* ASSIGNED TASK
Go through the data below. List every line that holds the word "блок".

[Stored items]
= Beginning of Section =
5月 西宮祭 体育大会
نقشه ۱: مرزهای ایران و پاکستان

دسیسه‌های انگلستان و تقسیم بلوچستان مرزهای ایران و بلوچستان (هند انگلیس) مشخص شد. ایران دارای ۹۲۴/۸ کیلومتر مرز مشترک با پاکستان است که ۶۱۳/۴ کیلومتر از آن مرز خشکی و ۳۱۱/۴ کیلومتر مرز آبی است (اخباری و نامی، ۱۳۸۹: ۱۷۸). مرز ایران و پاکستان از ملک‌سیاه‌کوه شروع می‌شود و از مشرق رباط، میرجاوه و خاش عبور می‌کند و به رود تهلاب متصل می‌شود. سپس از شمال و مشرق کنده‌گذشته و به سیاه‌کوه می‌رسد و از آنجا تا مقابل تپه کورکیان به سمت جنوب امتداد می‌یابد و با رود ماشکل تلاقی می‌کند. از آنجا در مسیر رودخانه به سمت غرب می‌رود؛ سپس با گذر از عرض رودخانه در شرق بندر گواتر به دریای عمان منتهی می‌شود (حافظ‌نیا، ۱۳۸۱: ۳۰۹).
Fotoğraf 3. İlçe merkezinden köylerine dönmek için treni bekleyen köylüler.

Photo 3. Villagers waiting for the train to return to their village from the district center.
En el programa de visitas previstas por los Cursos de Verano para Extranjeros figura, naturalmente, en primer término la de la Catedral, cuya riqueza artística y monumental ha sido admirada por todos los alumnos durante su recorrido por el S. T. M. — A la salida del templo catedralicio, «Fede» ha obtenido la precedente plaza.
= End of Section =
= Beginning of Section =
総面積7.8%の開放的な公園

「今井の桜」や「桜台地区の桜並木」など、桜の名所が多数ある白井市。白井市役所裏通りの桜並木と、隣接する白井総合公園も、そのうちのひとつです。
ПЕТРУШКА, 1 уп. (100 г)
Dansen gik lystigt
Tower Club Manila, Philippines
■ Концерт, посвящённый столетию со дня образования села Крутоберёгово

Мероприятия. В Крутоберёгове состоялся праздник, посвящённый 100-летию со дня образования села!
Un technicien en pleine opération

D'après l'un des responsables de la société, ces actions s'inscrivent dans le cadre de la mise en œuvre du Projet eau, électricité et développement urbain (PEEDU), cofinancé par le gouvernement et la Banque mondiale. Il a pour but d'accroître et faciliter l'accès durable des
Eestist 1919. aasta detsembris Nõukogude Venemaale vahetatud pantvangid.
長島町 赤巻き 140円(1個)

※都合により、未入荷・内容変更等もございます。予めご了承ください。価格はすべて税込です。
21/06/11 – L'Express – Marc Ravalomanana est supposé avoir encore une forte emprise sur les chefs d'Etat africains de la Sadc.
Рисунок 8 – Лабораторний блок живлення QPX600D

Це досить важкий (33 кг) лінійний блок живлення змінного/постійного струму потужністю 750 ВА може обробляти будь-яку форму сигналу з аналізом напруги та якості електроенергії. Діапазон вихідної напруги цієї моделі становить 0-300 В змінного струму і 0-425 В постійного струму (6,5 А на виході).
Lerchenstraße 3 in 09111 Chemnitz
= End of Section =
* REPLY
Рисунок 8 – Лабораторний блок живлення QPX600D
Це досить важкий (33 кг) лінійний блок живлення змінного/постійного струму потужністю 750 ВА може обробляти будь-яку форму сигналу з аналізом напруги та якості електроенергії. Діапазон вихідної напруги цієї моделі становить 0-300 В змінного струму і 0-425 В постійного струму (6,5 А на виході).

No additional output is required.